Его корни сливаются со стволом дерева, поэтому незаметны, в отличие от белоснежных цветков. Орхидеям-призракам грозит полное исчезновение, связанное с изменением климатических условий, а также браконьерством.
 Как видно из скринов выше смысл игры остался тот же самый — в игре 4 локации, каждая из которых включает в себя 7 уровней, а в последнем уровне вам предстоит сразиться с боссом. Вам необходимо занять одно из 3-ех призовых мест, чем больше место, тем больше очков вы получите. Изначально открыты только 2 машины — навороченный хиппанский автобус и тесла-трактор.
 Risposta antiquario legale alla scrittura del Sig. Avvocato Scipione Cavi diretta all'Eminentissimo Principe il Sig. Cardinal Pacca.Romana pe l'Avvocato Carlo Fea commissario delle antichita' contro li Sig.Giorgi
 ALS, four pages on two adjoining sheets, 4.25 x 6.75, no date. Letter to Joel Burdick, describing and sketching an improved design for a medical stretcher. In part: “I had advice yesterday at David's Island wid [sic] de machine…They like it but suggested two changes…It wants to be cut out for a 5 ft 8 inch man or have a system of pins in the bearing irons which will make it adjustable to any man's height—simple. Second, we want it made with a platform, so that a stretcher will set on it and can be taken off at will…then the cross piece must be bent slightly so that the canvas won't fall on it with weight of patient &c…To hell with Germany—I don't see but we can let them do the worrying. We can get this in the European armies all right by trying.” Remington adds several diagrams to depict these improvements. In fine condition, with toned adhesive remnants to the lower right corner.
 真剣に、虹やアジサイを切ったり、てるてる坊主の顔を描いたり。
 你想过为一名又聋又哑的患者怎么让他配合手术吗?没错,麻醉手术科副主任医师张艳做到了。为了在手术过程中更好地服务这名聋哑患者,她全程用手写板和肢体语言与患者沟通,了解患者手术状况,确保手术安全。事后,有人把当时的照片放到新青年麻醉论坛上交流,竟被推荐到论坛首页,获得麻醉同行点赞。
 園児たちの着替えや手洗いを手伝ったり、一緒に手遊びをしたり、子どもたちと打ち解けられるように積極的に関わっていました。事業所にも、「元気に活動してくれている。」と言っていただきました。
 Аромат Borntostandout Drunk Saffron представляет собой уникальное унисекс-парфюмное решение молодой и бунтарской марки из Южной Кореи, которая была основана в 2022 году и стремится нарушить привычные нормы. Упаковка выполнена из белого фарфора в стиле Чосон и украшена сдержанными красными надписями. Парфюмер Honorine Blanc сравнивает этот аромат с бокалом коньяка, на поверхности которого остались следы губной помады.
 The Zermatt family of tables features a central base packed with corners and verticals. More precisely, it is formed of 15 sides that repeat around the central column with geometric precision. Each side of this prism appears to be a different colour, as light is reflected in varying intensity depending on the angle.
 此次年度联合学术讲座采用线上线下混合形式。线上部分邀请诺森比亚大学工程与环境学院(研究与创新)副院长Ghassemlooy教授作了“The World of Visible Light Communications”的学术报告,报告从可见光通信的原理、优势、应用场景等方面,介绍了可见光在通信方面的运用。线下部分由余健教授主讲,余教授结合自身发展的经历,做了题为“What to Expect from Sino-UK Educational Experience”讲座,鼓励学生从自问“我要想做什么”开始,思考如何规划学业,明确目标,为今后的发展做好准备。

ACTIVITY: Repeat the lines from the one containing "園児たちの着替えや手洗いを手" through the end of the listing, exactly and without any other lines; both ends are included.

WRITTEN SOLUTION:
 園児たちの着替えや手洗いを手伝ったり、一緒に手遊びをしたり、子どもたちと打ち解けられるように積極的に関わっていました。事業所にも、「元気に活動してくれている。」と言っていただきました。
 Аромат Borntostandout Drunk Saffron представляет собой уникальное унисекс-парфюмное решение молодой и бунтарской марки из Южной Кореи, которая была основана в 2022 году и стремится нарушить привычные нормы. Упаковка выполнена из белого фарфора в стиле Чосон и украшена сдержанными красными надписями. Парфюмер Honorine Blanc сравнивает этот аромат с бокалом коньяка, на поверхности которого остались следы губной помады.
 The Zermatt family of tables features a central base packed with corners and verticals. More precisely, it is formed of 15 sides that repeat around the central column with geometric precision. Each side of this prism appears to be a different colour, as light is reflected in varying intensity depending on the angle.
 此次年度联合学术讲座采用线上线下混合形式。线上部分邀请诺森比亚大学工程与环境学院(研究与创新)副院长Ghassemlooy教授作了“The World of Visible Light Communications”的学术报告,报告从可见光通信的原理、优势、应用场景等方面,介绍了可见光在通信方面的运用。线下部分由余健教授主讲,余教授结合自身发展的经历,做了题为“What to Expect from Sino-UK Educational Experience”讲座,鼓励学生从自问“我要想做什么”开始,思考如何规划学业,明确目标,为今后的发展做好准备。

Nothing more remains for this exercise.